I also like JimmyJam response possible Iron/ nitrate deficiency

Also are you adding dry ferts? I havnt seen this mentioned before but I have always been curious...if the dry ferts are added to the aquarium and sit on the plants is it possible they are burning the plants?


----------



## jimmyjam (Nov 6, 2007)

good call kyle, always check your lights, if your not getting enough lighting/ par at the bottom, this can def happen. If your doing ei dry fert, then make sure your dissolving it in luke warm water as described by tom barr.


----------



## edmundho (Oct 23, 2011)

Thanks kyle. Yes, I was dosing dry and I also suspected those were burnt. Is it okay to mix the dry NPK together in water, right before dosing?


----------



## coldmantis (Apr 5, 2010)

I know your dosing E.I are your following it exactly with the dosing amounts? I used to dose dry all the time I never noticed any yellowing. My 24" double t5ho is about 2 inches from the top trim of my 20g long and no yellowing.


----------



## edmundho (Oct 23, 2011)

Thanks coldmantis. Yes, my dosing was quite exact. 2in above a 20 long is roughly 14 in above substrate? I think that's the trick. Mine was 24in above, and I just lowered it to 20in. 

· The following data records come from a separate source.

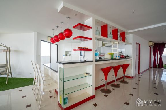 Impressive authentic designed 2 storey Penthouse is on the Jomtien Beach. First floor is spacious kitchen connected with living room and panoramic bal...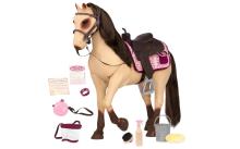 Jeux créatifs avec Morgan : cheval beige/marron de 50 cm avec bride, tapis de selle et mangeoire. Commandez maintenant chez DreamLand.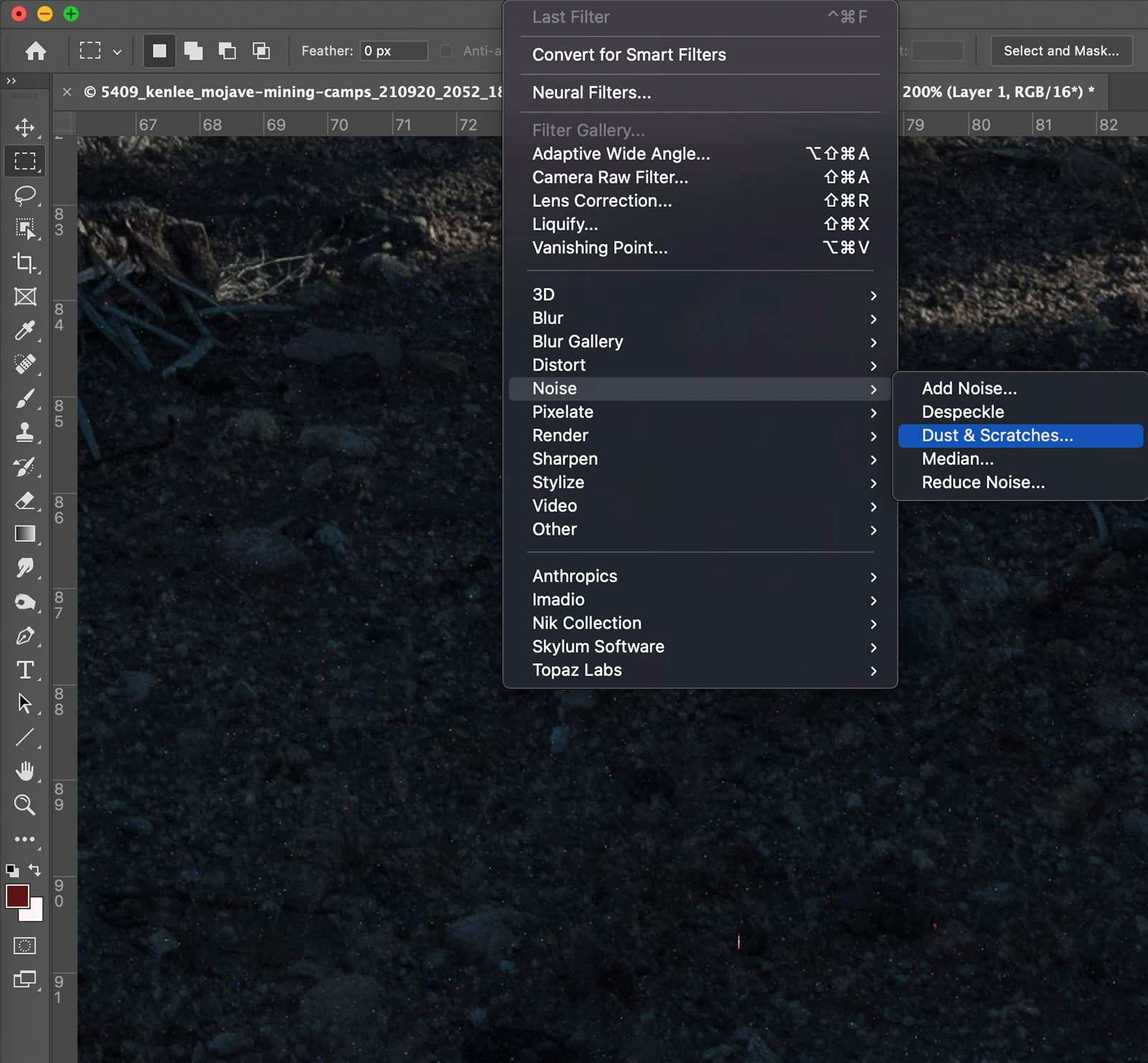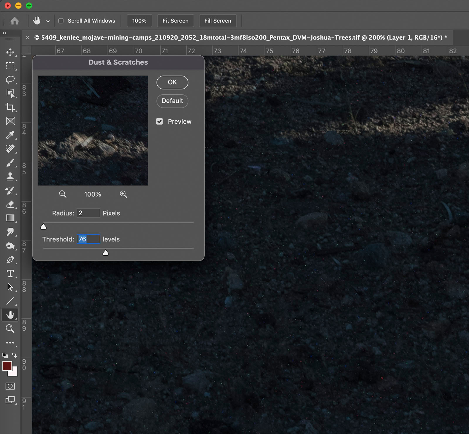 Above, I used the Dust& Scratches filter in Photoshop to remove hot pixels. This is viewing the image at 200% zoom.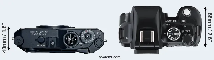 An illustration of the physical size and weight of the Epson R-D1 and the Olympus E-500 is provided in the side-by-side display below. The two cameras are presented according to their relative size. Three consecutive perspectives from the front, the top, and the back are available. All width, height and depth measures are rounded to the nearest millimeter.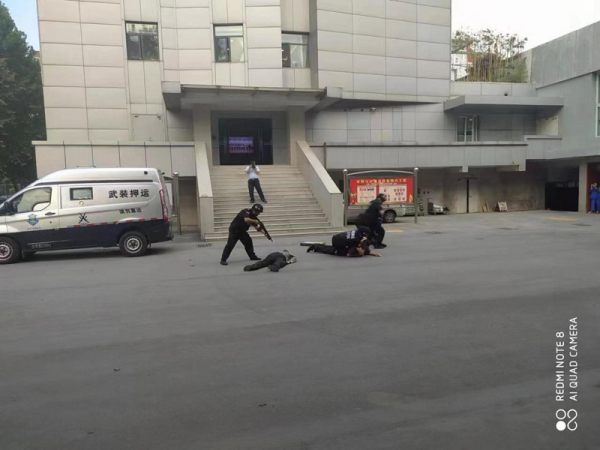 為切實(shí)做好武裝守押人員、金庫工作人員對(duì)突發(fā)事件預(yù)防和應(yīng)急處置救援工作. 6月17日下午,守押五大隊(duì)聯(lián)合建設(shè)銀行安陽分行,開展了消防、防搶劫綜合演練。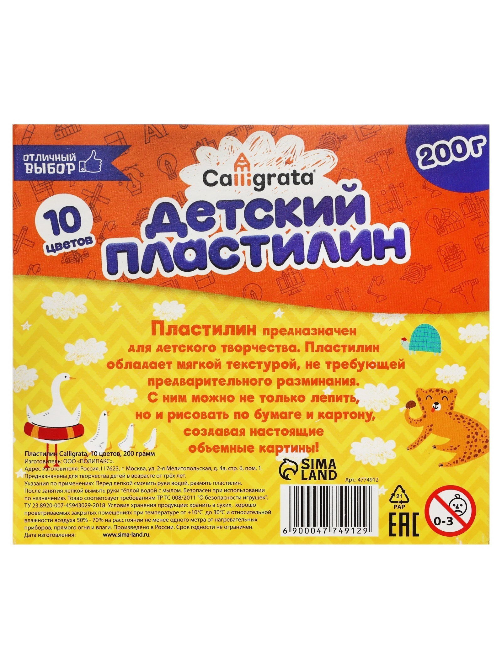 Пластилин "Классический", 10 цветов, 200 г, Calligrata, Россия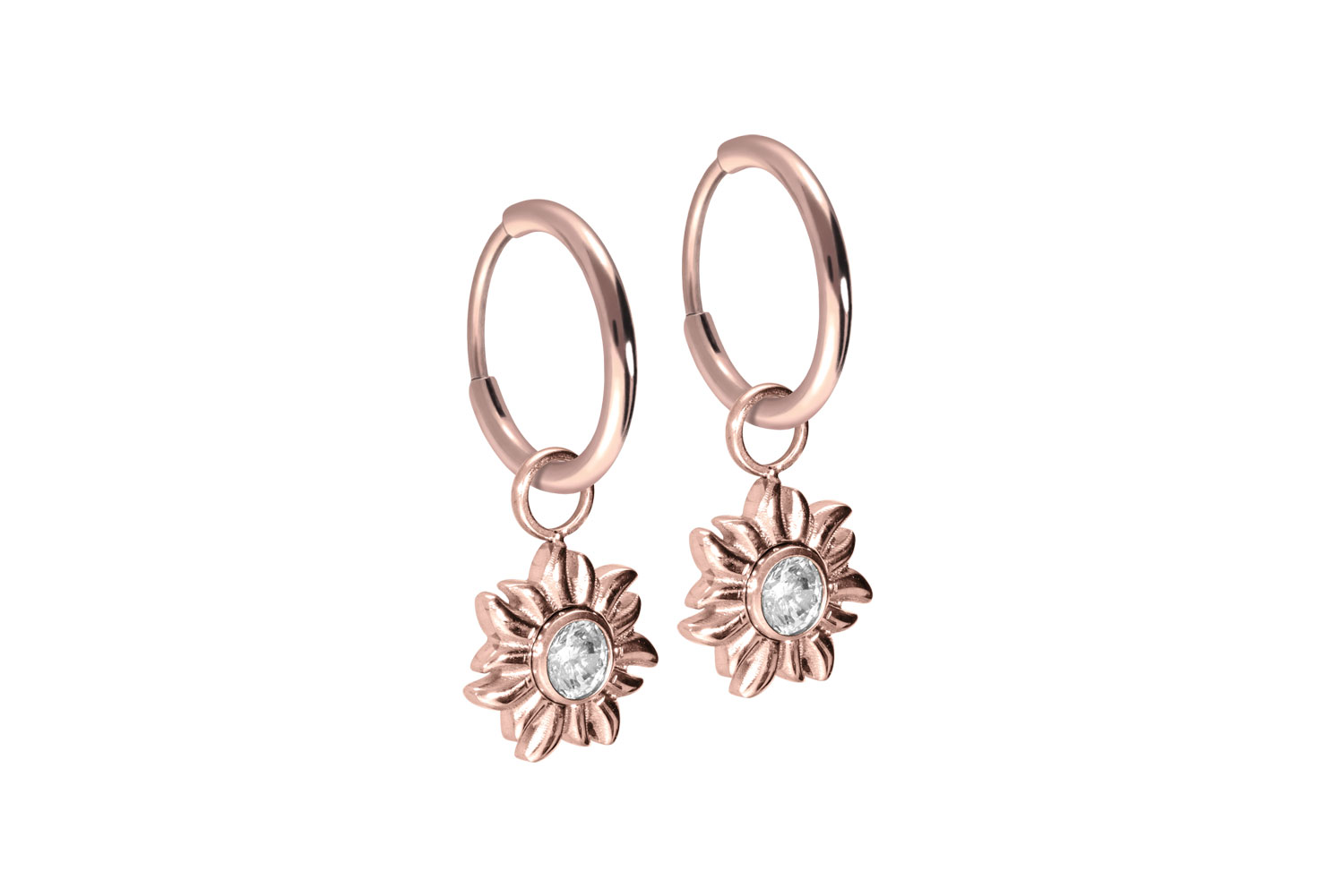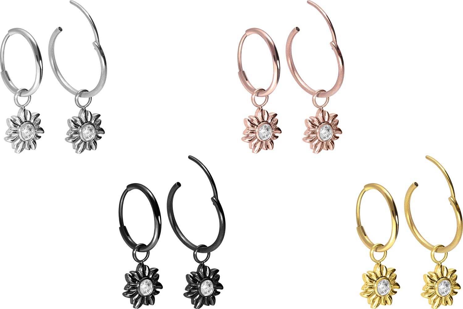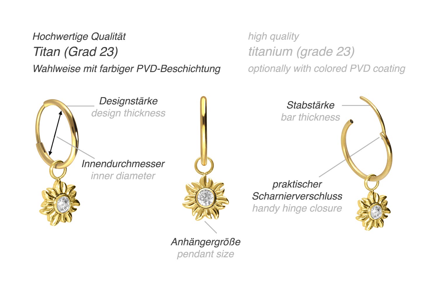 These timelessly beautiful ear clickers are made of high quality titanium, whose specific material properties include particularly good skin compatibility and high durability. Another characteristic of our clickers is the practical hinge, which makes the use of them much easier. If desired, a scratch-resistant PVD coating provides a powerful color of choice, further enhanced by the highly polished surface. As a visual highlight, a pendant showing a sun, which ist decorated with a sparkling crystal, is hooked into each creole. Their insertable part has a bar thickness of 0.8 mm, whereas their visible design has a thickness of either 1.2 or 1.6 mm. The creoles are supplied in pairs as depicted.Material: titanium (grade 23)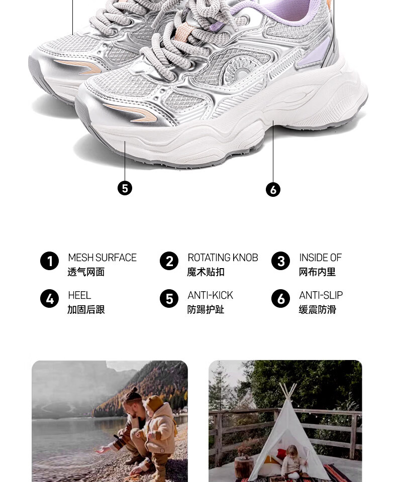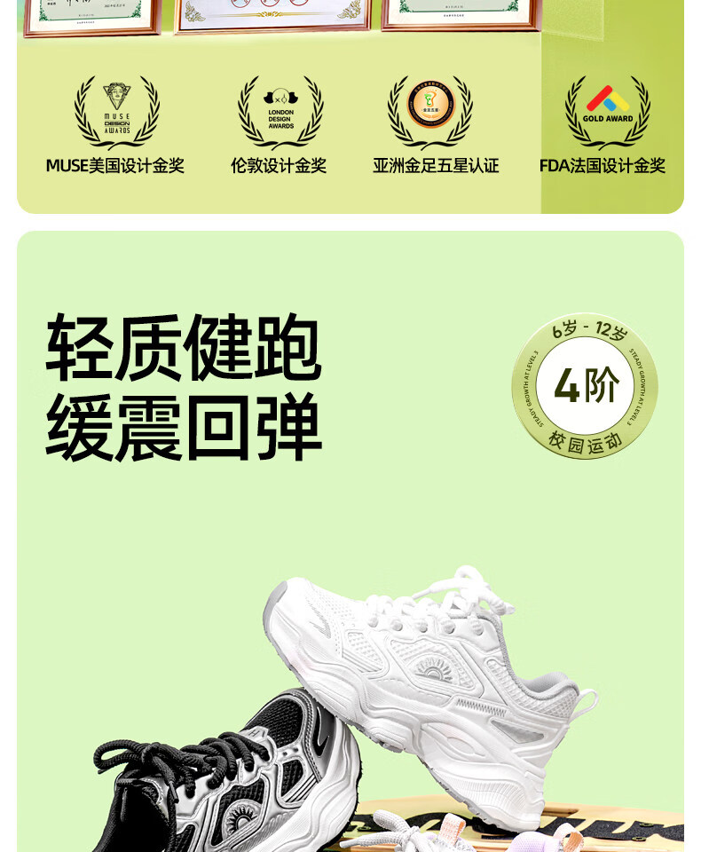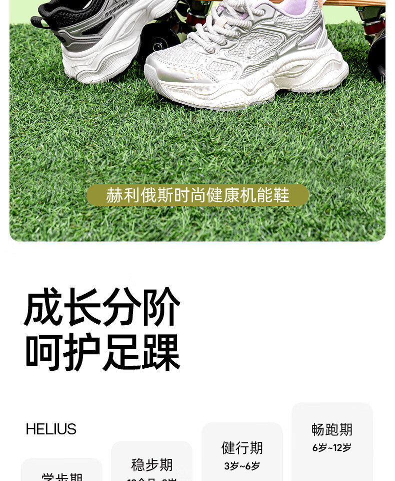 Helios 2026 spring new soft-soled functional shoes for boys and girls, sports shoes for children, lightweight mesh shoes, white 33, inner length 21.3cm, foot length about 19.8-20.3cm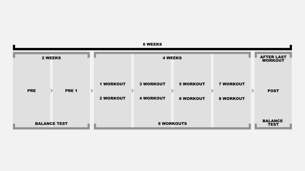 We measured their balance twice before (re-test) and after the four weeks using force plates and the functional "Y Balance Test," which basically looks like you are trying to slide a checker piece as far as you can with your foot while balancing on the other.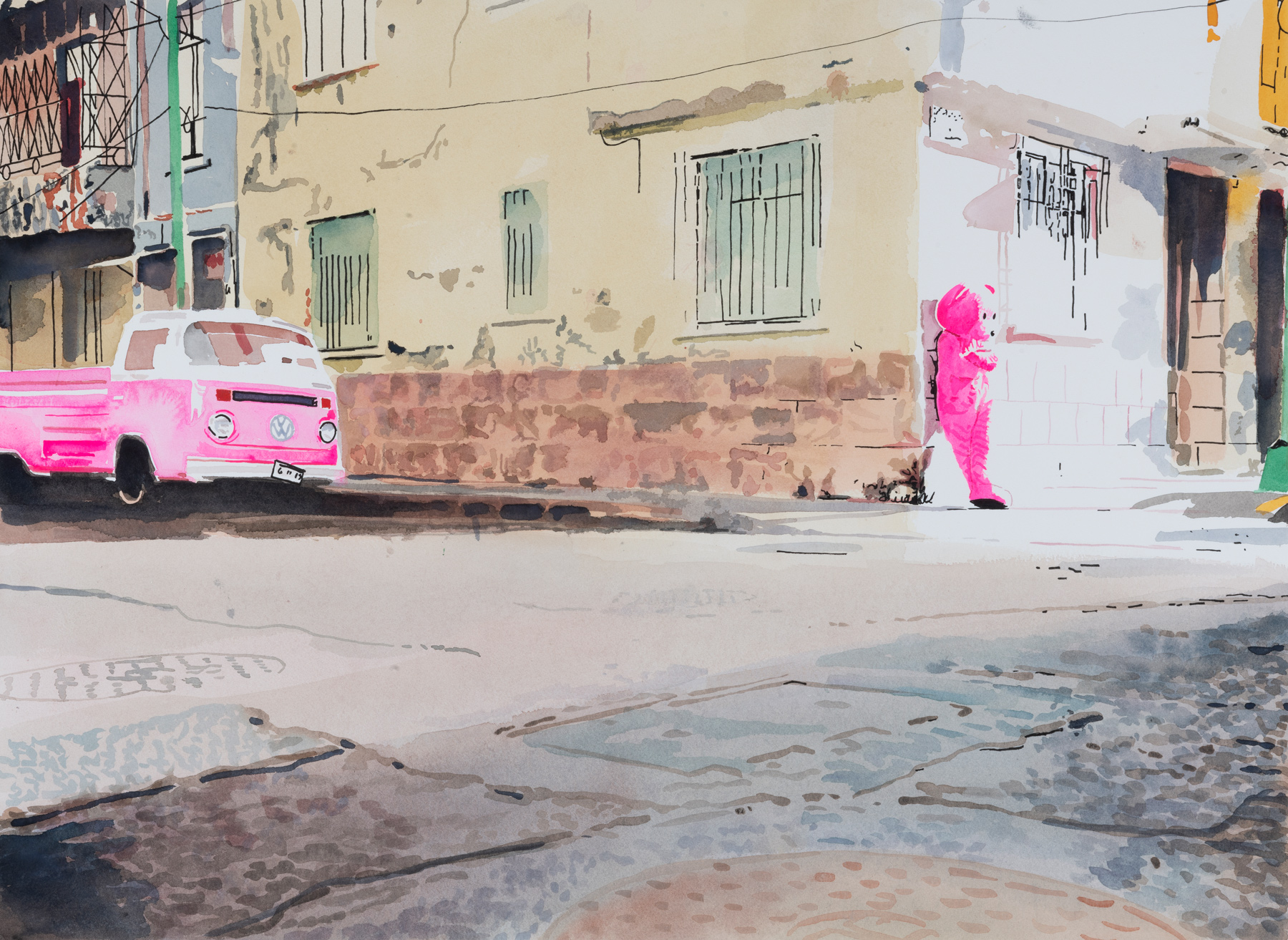 Read more about 'Pink Bear Is Coming To Town' Pink Clouds And Silver Linings study Pink Bear Is Coming To Town, 2022, Watercolour and Ink on Somerset 650 gsm White Velvet, 76cm x 56cm, Watercolour Pink Bear Is Coming To Town View 'Pink Bear Is Coming To Town' series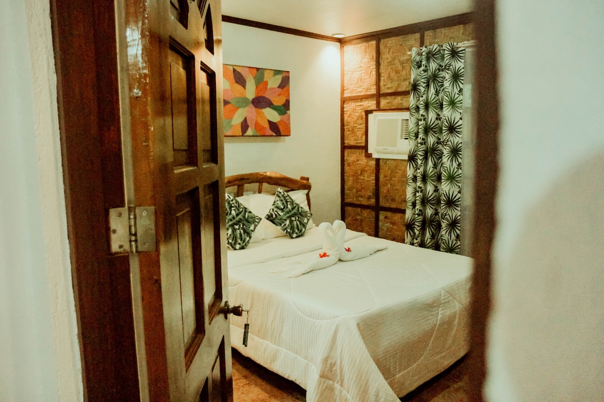 Private room in a traditional Filipino house within the quaint fishing community of San Pedro Beach. It's a 2-min walk to the wild beach next to the luxurious Mithi Resort and 15-min walk to the cave. The room is equipped w/ aircon, queen bed, cabinet, and a shared bathroom w/ hot shower & toiletries. There is also a veranda w/ hammocks, daily housekeeping, 200 Mbps WiFi, restaurant, tour assistance, massages, scooter rental & other services. Please note: this is NOT A LUXURY ACCOMMODATION.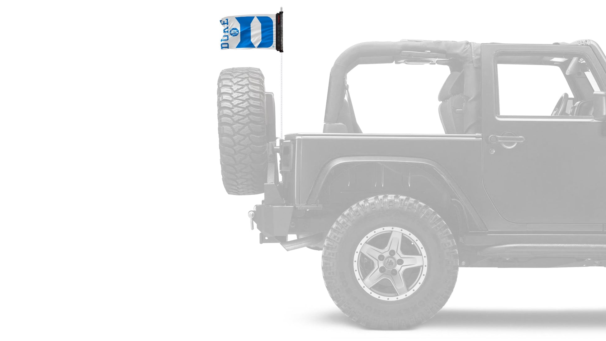 Show your style on every ride with the Duke 11"x17" Forever Wave Flag for Jeep Wrangler JL 2-Door, proudly Made in the USA and designed to work exclusively with the Forever Wave interchangeable flag sleeve system. Built from premium, UV-resistant polyester, this durable double-sided flag is engineered to withstand sun, wind, rain, and off-road conditions while maintaining bold, vibrant color.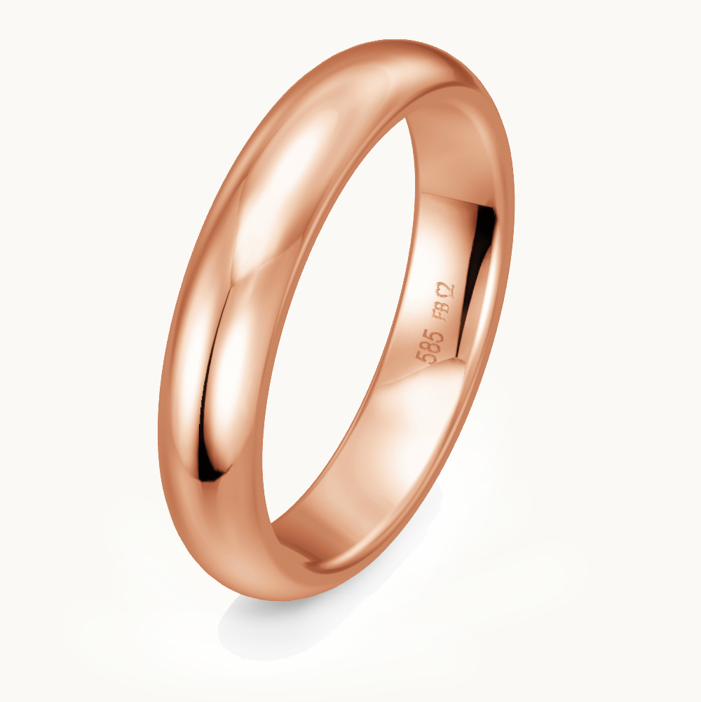Komfortabler, klassischer Rotgold-Trauring in poliert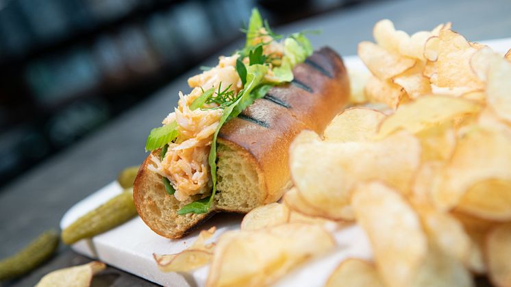 Her er krabbens svar på lobster roll. Retten passer godt som middag eller kveldskos. Bland krabbekjøttet med majones, sitronsaft, chilisaus, vårløk og stangselleri. Fyll det i salatblad i pølsebrød og topp med friske urte. Oppskrift.
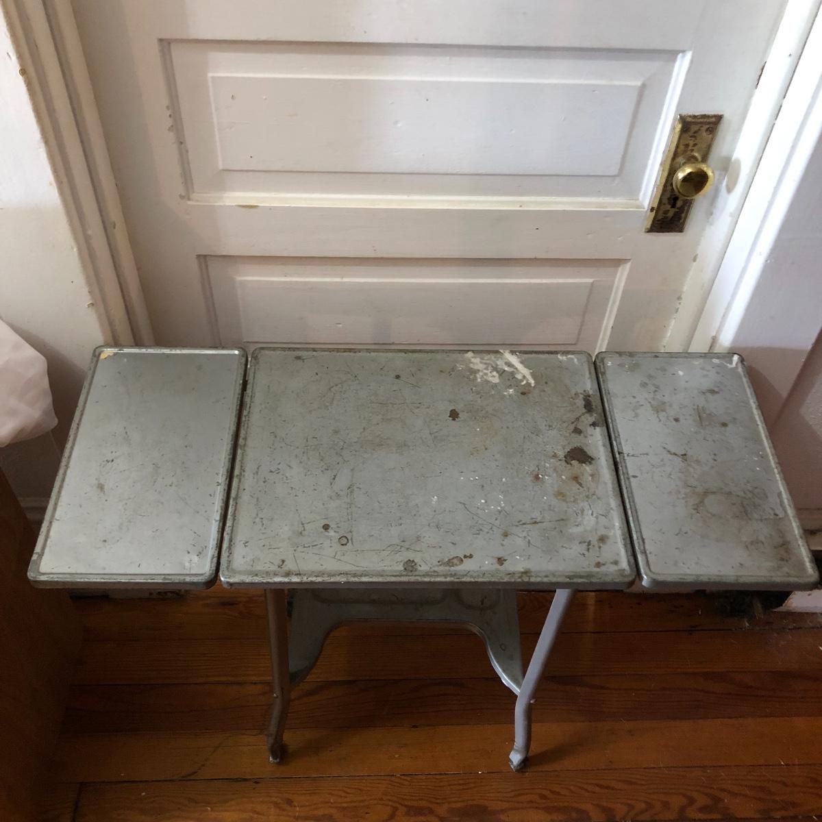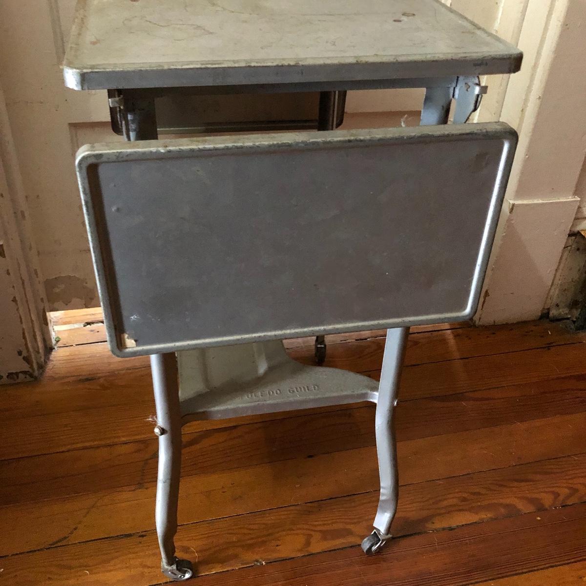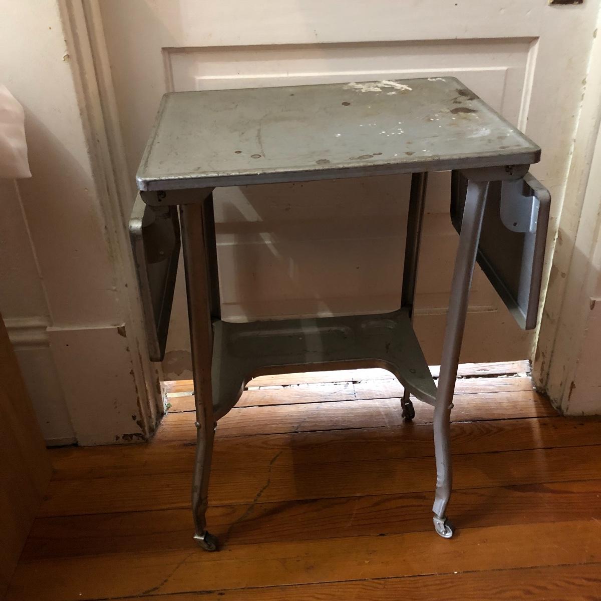 Lot includes vintage metal drop leaf typewriter table on wheels with a shelf underneath. Table has scratches and small spots of rust, see pictures. Table measures 14” x 34” x 26” when open and 14” x 19.75” x 26” when leaves are dropped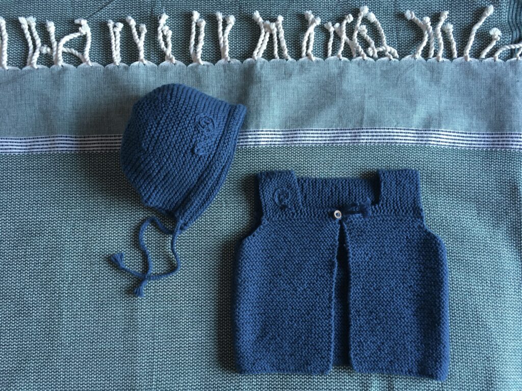 6/9mois (blanc, gris, canard) — 25€ l’ensemble. Un bandeau peut remplacer le bonnet.

Sent from my Nexus 4 using Tapatalk


----------



## jimmyjam (Nov 6, 2007)

you can dose all macros together, no problem, I have been making and selling my own mix for 5 years now, no problems mixed. I would suggest adding the iron if all those are not the issue.


----------



## edmundho (Oct 23, 2011)

Thanks Jimmy. Will do, wait and see!

Sent from my Nexus 4 using Tapatalk


----------



## jimmyjam (Nov 6, 2007)

http://www.aquaticplantcentral.com/forumapc/aquarium-pictures/showimage.php?i=7678&c=12

Here's a pic of S. Repens with iron deficiency. Look familiar?

Sent from my iPad using Tapatalk


----------



## edmundho (Oct 23, 2011)

Thanks again Jimmy and everyone for your wonderful suggestions!

Here are a few updates:

I have lowered the top light to around 20" above substrate. This is the lowest I think I should do without creating an algae breakout on my other plants.
To give my S. repens and HC Cuba extra light, I have added another clip-on CFL, positioned 7" in front of the front glass between 7pm-9:30pm.
All dosing amount remain virtually unchanged.

Now here are the results. I guess so far so good, uh?!


----------



## jimmyjam (Nov 6, 2007)

thats a huge change, that took just 2 days? lighting deficit would typically take at least a week. Did you up your co2 as you upped your light as well?


----------



## edmundho (Oct 23, 2011)

That's was about a week and a half. Mind you, the magic of camera white balance also helps too! Yes, the first thing I did was up the light and the CO2.


----------